ESPN first dropped the iconic “Are you ready for some football?” song (an adaptation from his “All My Rowdy Friends Are Coming Over Tonight”) from its presentation of the Colts-Buccaneers game Monday night in response to Williams’s remarks, and then internally weighed what further action would be taken.

ESPN said Thursday in a statement it was its decision to end a long association with Williams: “We have decided to part ways with Hank Williams Jr. We appreciate his contributions over the past years. The success of ‘Monday Night Football’ has always been about the games, and that will continue.”

Williams Jr. responded on his website: “After reading hundreds of e-mails, I have made my decision. By pulling my opening Oct. 3, you (ESPN) stepped on the toes of the First Amendment freedom of speech, so therefore me, my song and all my rowdy friends are out of here. It’s been a great run.”

Of course, ESPN is complexly within its rights to pull the song as a private company.

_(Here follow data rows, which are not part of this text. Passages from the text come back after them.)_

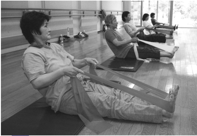
健康体操室で実施中のセラバンド教室

年齢を算出し、一人ひとりにあつた運動プログラムや栄養アドバイスを行います。活力年齢とは、実年齢とは異なり、その人の現在の健康度や老化度をあらわすもの。心臓病や脳卒中の発症を占ううえでも有効とされています。 水中エクササイズ (1回・200円) 室内温水プールを使い、水中ウォーキングを中心に楽しく体を動かします。運動を始めたばかりの人や、膝・腰に痛みのある人にもお勧めです。 セラバンド・エクササイズ (無料) セラバンドと呼ばれるゴム製のバンドを使った簡単筋力トレーニング。誰でも参加できるセラバンド・エクササイズと、65歳以上の人を対象にしたセラバンド教室を開催しています。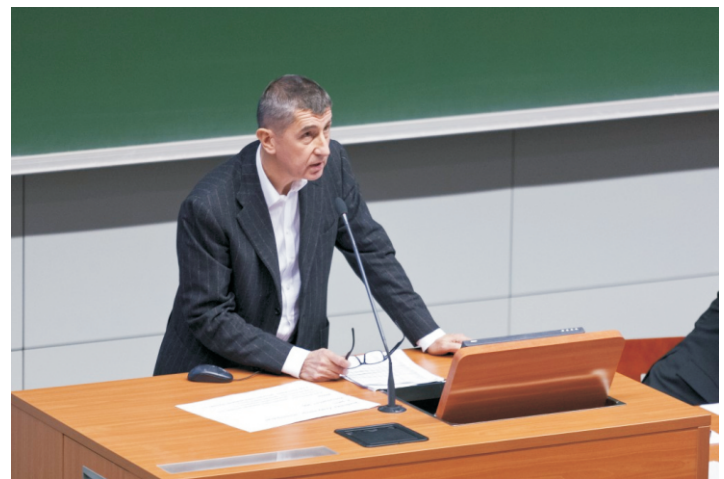
Přednáška A. Babiše Český inženýr - ohrožený druh 20.11. 2012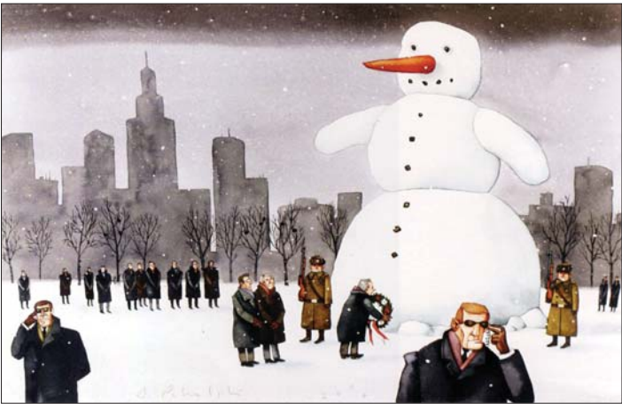
今天不可一世的“大人物”，也许明天只是阳光下的一摊污水。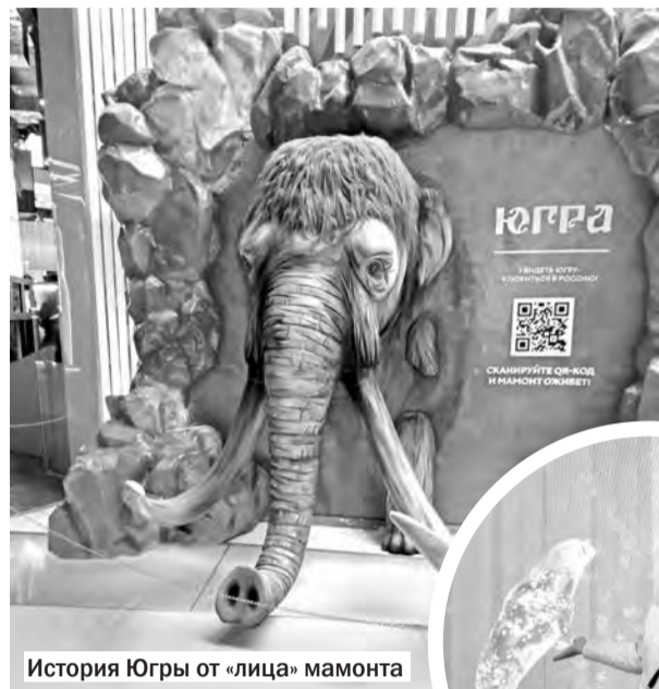
История Югры от «лица» мамонта

Международная выставка-форум «Россия» на ВДНХ – это возможность побывать во всех 89 регионах нашего Отечества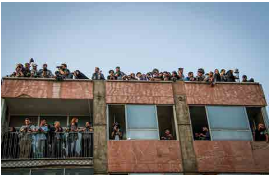
محسن رنگین کمان / چشمان ناظر / تهران، میدان بهارستان /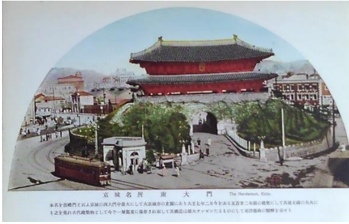
朝鮮 8 「京城名所 南大門 本名を崇禮門と云ふ京城の四大門中最大にして大京城市の玄関にあり大王七年二月今を去る五百廿二年前の建築にして其後文禄の大火にも之を免れ古代建築物として今や一層鄭重に保存され而して其構造は雄大サンゼンたるものにして東洋藝術の精粹を示せり」

Williams, who was called on “Fox & Friends” to talk about the GOP candidates in 2012, said he thought House of Representatives Speaker John Boehner playing golf with President Obama “would be like Hitler playing golf with (Israeli Prime Minister Benjamin) Netanyahu … In the shape this country is in?”

Boehner played golf with Obama in June at the height of the national budget debate in Washington, D.C.

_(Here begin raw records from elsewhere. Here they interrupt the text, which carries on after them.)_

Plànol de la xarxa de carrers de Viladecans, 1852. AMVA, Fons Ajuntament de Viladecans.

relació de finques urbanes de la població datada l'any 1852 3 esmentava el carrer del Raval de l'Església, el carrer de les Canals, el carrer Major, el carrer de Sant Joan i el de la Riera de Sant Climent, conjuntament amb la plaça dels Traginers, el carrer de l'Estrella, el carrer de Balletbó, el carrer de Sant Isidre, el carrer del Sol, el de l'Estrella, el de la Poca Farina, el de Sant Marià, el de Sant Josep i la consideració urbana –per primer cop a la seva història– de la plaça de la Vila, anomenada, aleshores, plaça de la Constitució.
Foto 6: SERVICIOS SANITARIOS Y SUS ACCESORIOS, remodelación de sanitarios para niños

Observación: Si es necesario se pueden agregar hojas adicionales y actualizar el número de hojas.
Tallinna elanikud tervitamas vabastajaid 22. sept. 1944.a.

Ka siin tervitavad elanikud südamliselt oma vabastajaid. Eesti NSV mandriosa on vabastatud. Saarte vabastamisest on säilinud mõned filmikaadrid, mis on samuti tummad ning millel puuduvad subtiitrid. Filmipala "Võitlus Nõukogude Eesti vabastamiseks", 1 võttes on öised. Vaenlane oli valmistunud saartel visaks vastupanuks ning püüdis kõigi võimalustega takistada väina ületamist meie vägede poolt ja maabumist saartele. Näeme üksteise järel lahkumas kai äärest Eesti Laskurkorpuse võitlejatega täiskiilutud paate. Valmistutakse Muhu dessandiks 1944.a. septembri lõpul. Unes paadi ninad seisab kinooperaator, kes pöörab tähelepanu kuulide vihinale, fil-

Told by anchor Brian Kilmeade that he didn’t understand the analogy, Williams said: “I’m glad you don’t, brother, because a lot of people do. They’re the enemy.”

Asked who the enemy was, Williams said: “Obama. And Biden. Are you kidding? The Three Stooges.”

Later in the Fox interview with Williams, anchor Gretchen Carlson told Williams he used the name of one of history’s most hated men to describe the president.

“Well, that’s true. But I’m telling you like it is,” Williams said. “Working-class people are hurting — and it doesn’t seem like anybody cares. When both sides are high-fiving it on the ninth hole when everybody else is without a job – it makes a whole lot of us angry. Something has to change.”

RBR-TVBR observation: We got a lot of comments on the original story as to why ESPN decided to take a stance on this, either way, considering it was not even said on their network. But who knows what sort of comments (and from whom) they had been receiving on their end. Most likely most of them were in favor of pulling the song. Perhaps if Williams had issued a true apology, it could have been different.